Tucker L, Tangedahl T N
Postgrad Med. 1979 Oct;66(4):179-80, 183-4. doi: 10.1080/00325481.1979.11715280.
In some patients, gallstones are asymptomatic, lying dormant in the gallbladder or wedged in the cystic duct. In others, stones cause specific symptoms of gallbladder disease, such as biliary colic, acute cholecystitis, or cholangitis. Symptoms of flatulent dyspepsia are not markers of gallstone disease, since they occur equally in those with and without gallstones. Complications of gallstone disease include pancreatitis, biliary-enteric fistulas, hydrops, limy bile, porcelain gallsbladder, and carcinoma of the gallbladder. Cholecystectomy is indicated for symptomatic gallstones; for suspected stones in diabetics, who are at high risk should complications of gallstone disease occur; and in a few other limited situations. Prophylactic cholecystectomy for asymptomatic gallstones remains controversial.

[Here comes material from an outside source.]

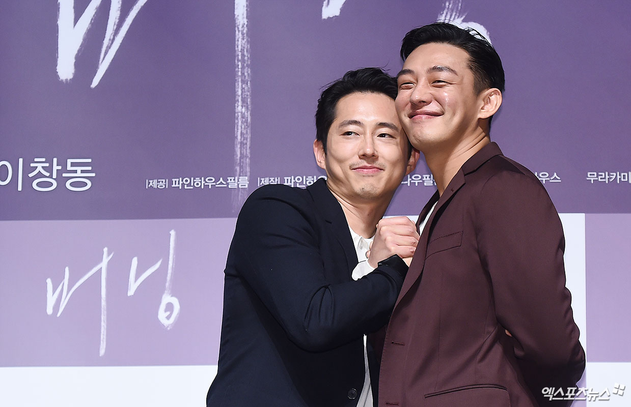 [엑스포츠뉴스 박지영 기자] 24일 오전 서울 신사동 CGV 압구정점에서 열린 영화 '버닝' 제작보고회에 참석한 배우 스티븐 연과 유아인이 포토타임을 갖고 있다.

在一些患者中,胆结石没有症状,蛰伏于胆囊内或嵌顿在胆囊管中。在另一些患者中,结石会引发胆囊疾病的特定症状,如胆绞痛、急性胆囊炎或胆管炎。肠胃气胀性消化不良的症状并非胆结石疾病的标志,因为无论有无胆结石,这些症状出现的几率相同。胆结石疾病的并发症包括胰腺炎、胆肠瘘、胆囊积水、石灰样胆汁、瓷性胆囊和胆囊癌。有症状的胆结石患者、糖尿病患者中疑似有结石(如果发生胆结石疾病并发症风险较高)以及其他一些有限的情况下,需要进行胆囊切除术。对于无症状胆结石进行预防性胆囊切除术仍存在争议。